§ WHAT YOU NEED TO DO
Reproduce every line of the material below, but drop the pictures.

*****

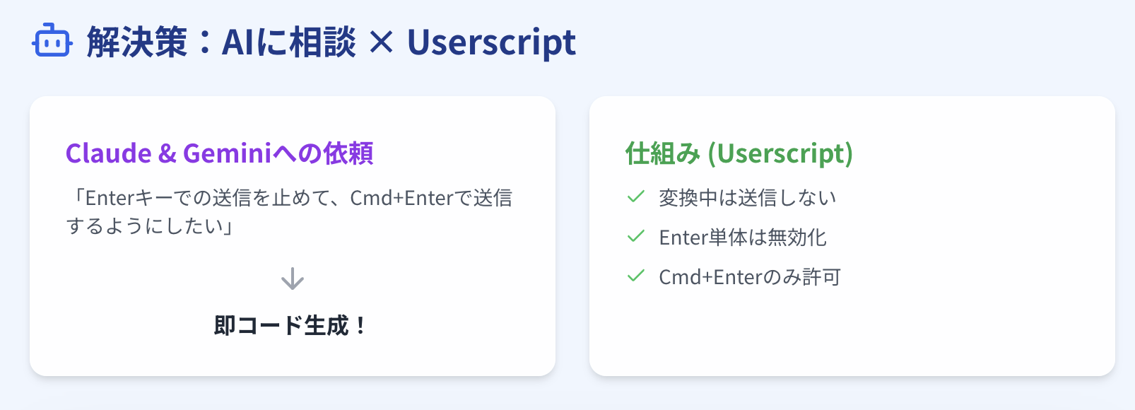 そこで、「Enterキーでの送信を止めて、Cmd+Enterで送信するようにしたい」と、ClaudeとGemini 2に相談してみました。
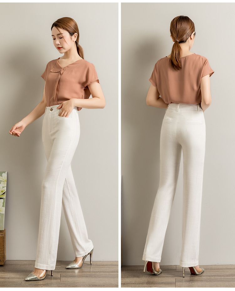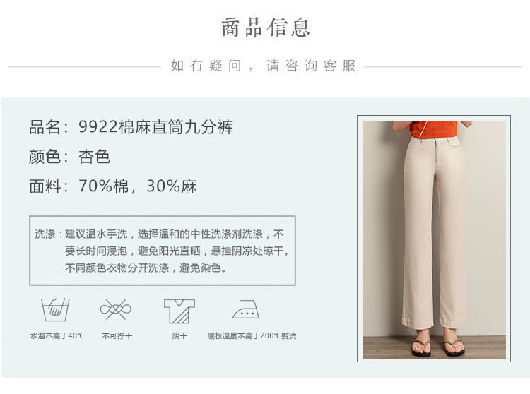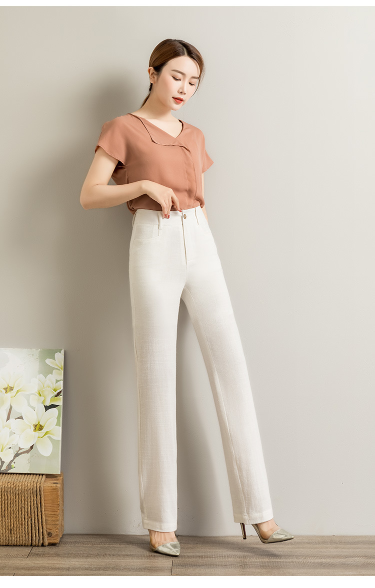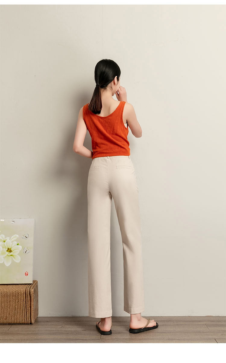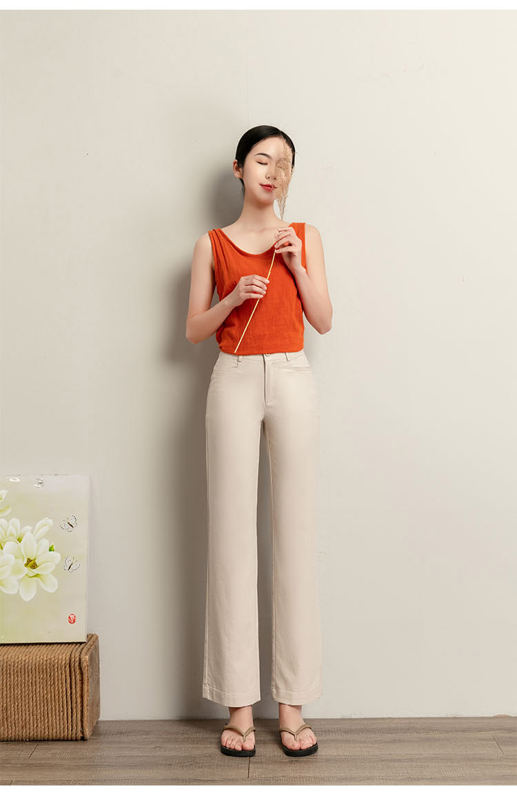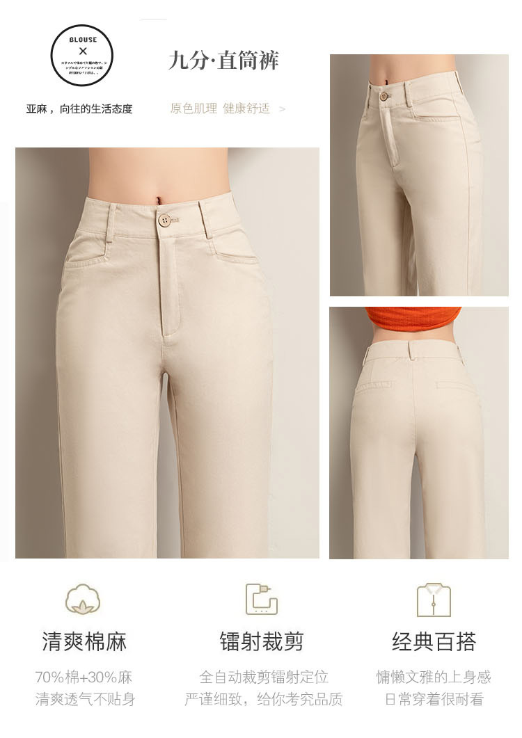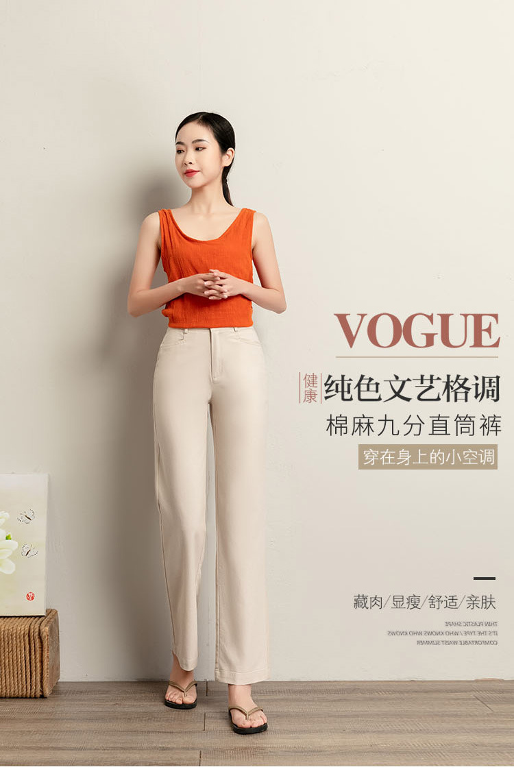 Summer cotton and linen new straight-leg pants, cotton and linen women's pants, linen pants, high-waisted pants, Zhengzhou women's style wholesale, 9-inch pants 9922
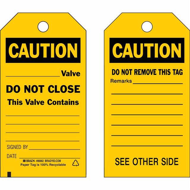 This is manufactured by Brady Corporation. The manufacturer part number is 86662. Label with a size of 5.75" l x 3.00" w (146.0mm x 76.2mm). The product is not applicable. It is shipped in bulk. It has a classic black legend, yellow background colour. The product brady®, is a highly preferred choice for users. The product is made from highly stable and reliable paper. In addition, it is reach unaffected. Its typical moisture sensitivity level is not applicable. A bespoke label is a caution. valve do not close this valve contains. signed by. date. label. The product is suitable for use with caution. It has a long 4 weeks standard lead time.
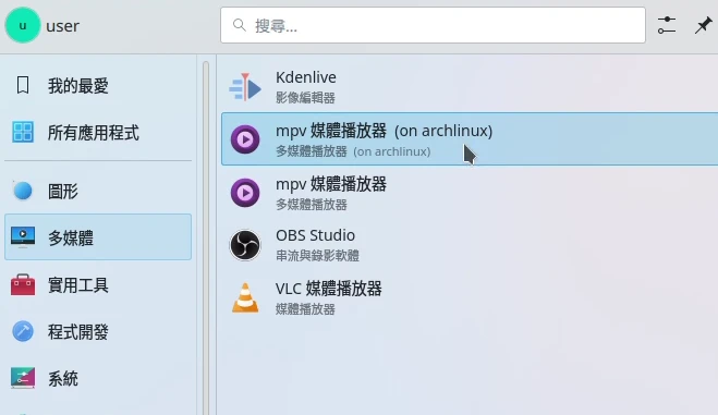 /home/user/.local/share/applications/archlinux-mpv.desktop可能要改成下述內容才能正常開啟
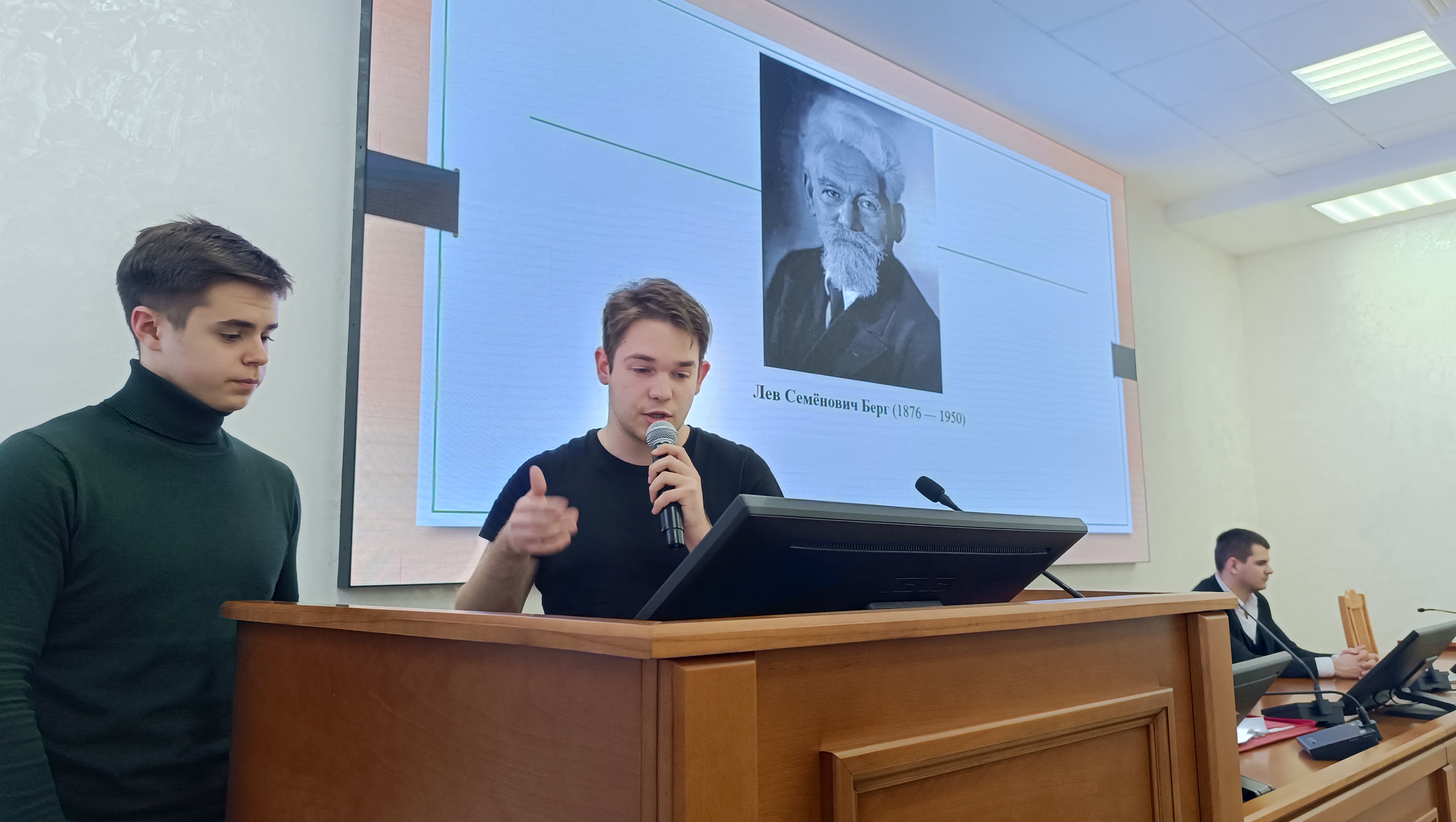 Андрей Кузнецов и Артем Галимов (ДЗ-04-25) выступили с совместным докладом, посвященным изучению Львом Семеновичем Аральского моря.
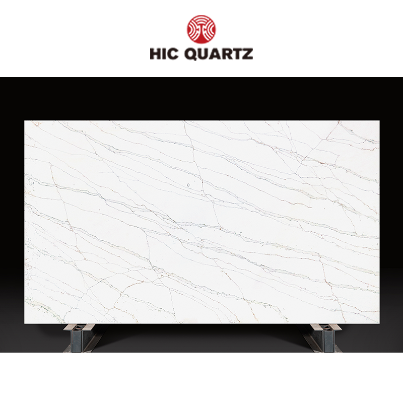 แผ่นหินควอทซ์เทียมขนาดใหญ่ขัดเงาด้วยมือโต๊ะเครื่องแป้งสีขาวระดับพรีเมี่ยมเคาน์เตอร์ห้องครัวสำหรับพื้นโรงแรม
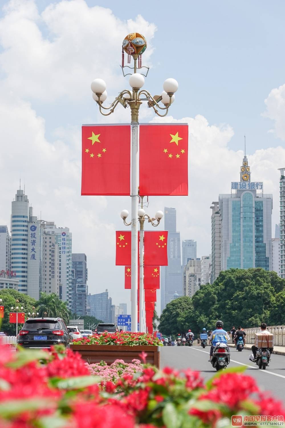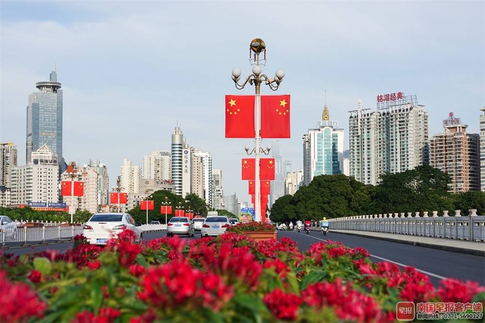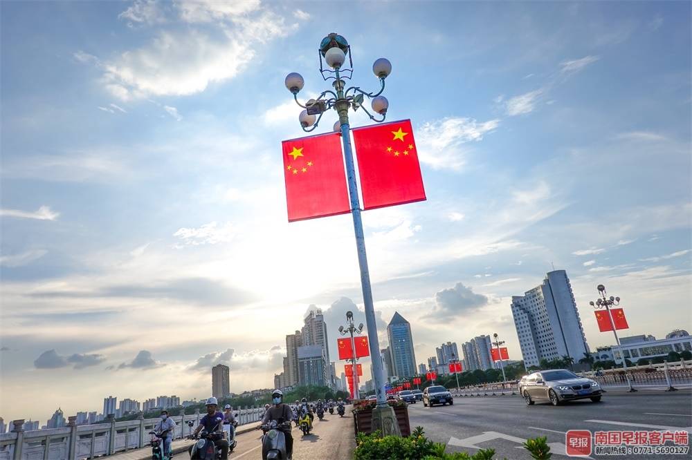 ▲南湖桥上国旗飘扬。
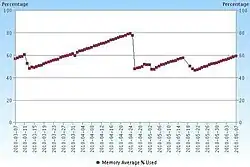 O padrão "dente de serra" de utilização de memória: a queda repentina no uso de memória é uma candidata a sintoma de vazamento de memória.

*****

§ COMPLETED EXERCISE
 そこで、「Enterキーでの送信を止めて、Cmd+Enterで送信するようにしたい」と、ClaudeとGemini 2に相談してみました。
 Summer cotton and linen new straight-leg pants, cotton and linen women's pants, linen pants, high-waisted pants, Zhengzhou women's style wholesale, 9-inch pants 9922
 This is manufactured by Brady Corporation. The manufacturer part number is 86662. Label with a size of 5.75" l x 3.00" w (146.0mm x 76.2mm). The product is not applicable. It is shipped in bulk. It has a classic black legend, yellow background colour. The product brady®, is a highly preferred choice for users. The product is made from highly stable and reliable paper. In addition, it is reach unaffected. Its typical moisture sensitivity level is not applicable. A bespoke label is a caution. valve do not close this valve contains. signed by. date. label. The product is suitable for use with caution. It has a long 4 weeks standard lead time.
 /home/user/.local/share/applications/archlinux-mpv.desktop可能要改成下述內容才能正常開啟
 Андрей Кузнецов и Артем Галимов (ДЗ-04-25) выступили с совместным докладом, посвященным изучению Львом Семеновичем Аральского моря.
 แผ่นหินควอทซ์เทียมขนาดใหญ่ขัดเงาด้วยมือโต๊ะเครื่องแป้งสีขาวระดับพรีเมี่ยมเคาน์เตอร์ห้องครัวสำหรับพื้นโรงแรม
 ▲南湖桥上国旗飘扬。
 O padrão "dente de serra" de utilização de memória: a queda repentina no uso de memória é uma candidata a sintoma de vazamento de memória.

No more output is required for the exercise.